Material and Methods
Clinical features and planning CTs were extracted for 406 subjects single Dutch institution treated by either definitive (DCRT) or neoadjuvant (NACRT) chemoradiotherapy for locally advanced EC. These were randomly split into training (n=325) and validation (n=81). An independent test set comprised of 52 subjects previously treated in a clinical trial (CROSS ). Each GTV was defined by a qualified radiotherapy oncologist and taken “as-treated” from the RT plan.

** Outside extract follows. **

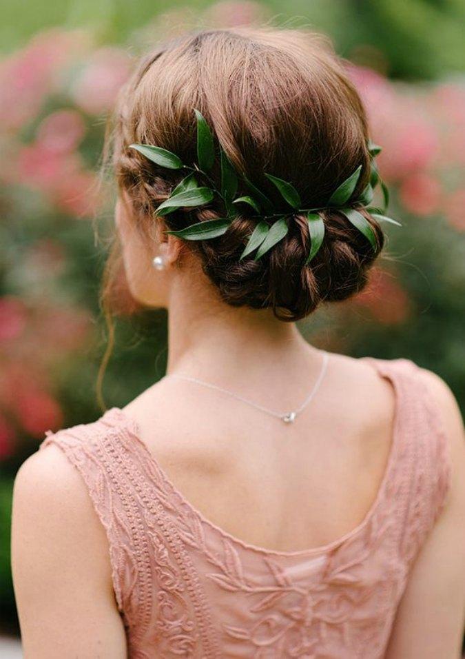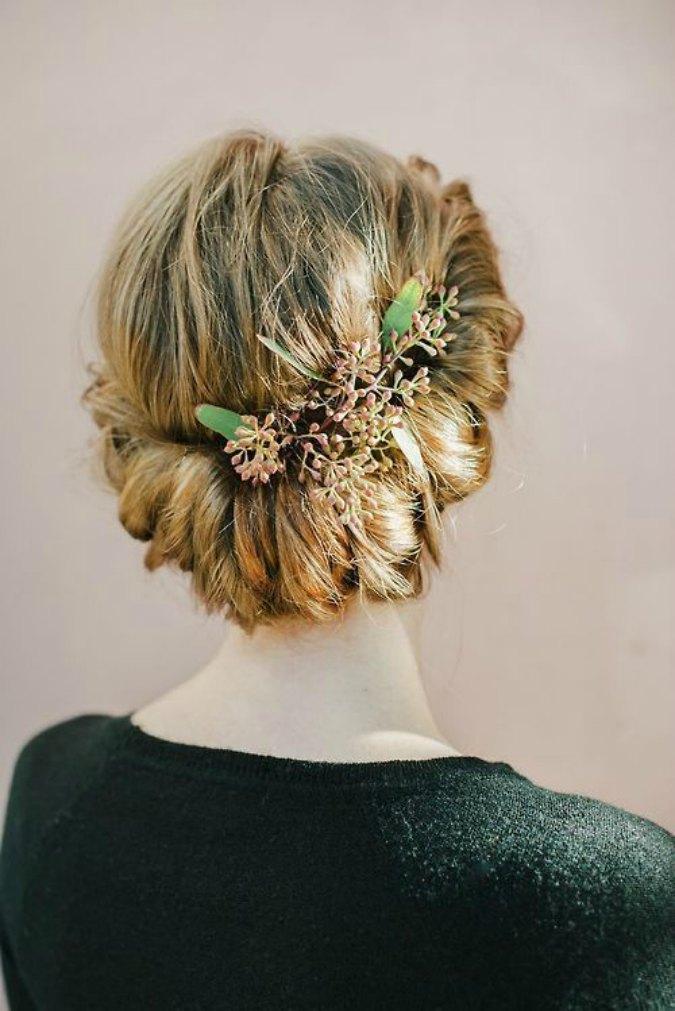 Otra opción es un recogido de mechones enlazados en la zona baja de la nuca añadiendo un adorno floral, o un moño alto añadiendo un postizo del mismo color que tu pelo.

A squeeze and excitation segmentation network was trained to automatically segment GTV using an Adam optimizer and a compound (Focal and Dice) loss function. Deep features were extracted from intermediate convolutional layers using global average pooling, and used as predictors in a deep learning time-to-event network for OS. The Dice similarity coefficient (DSC) was used to quantify geometric segmentation agreement, and Harrell’s concordance index (HCI) was used to evaluate discriminative performance. Confidence intervals were estimated via bootstrap resampling.
Results
In the test set, the mean DSC was 0.72 (range 0.26-0.86). The HCI for OS at 2 years were: 0.65 (95% confidence interval 0.64-0.65), 0.66 (0.66-0.67) and 0.68 (0.68-0.69), for deep features only, clinical features only (age, sex, tumour location, treatment intent, T-stage, N-stage and tumour volume) and a combination of (clinical + deep) features, respectively.
Conclusion
Deep learning automatic segmentation was able to make a reasonable estimate of the GTV on hitherto unseen planning CT series. The deep features from segmentation taken to a deep learning survival model appear to contain prognostic information regarding OS. The combination of clinical and deep features leads to a small increase in discriminative performance.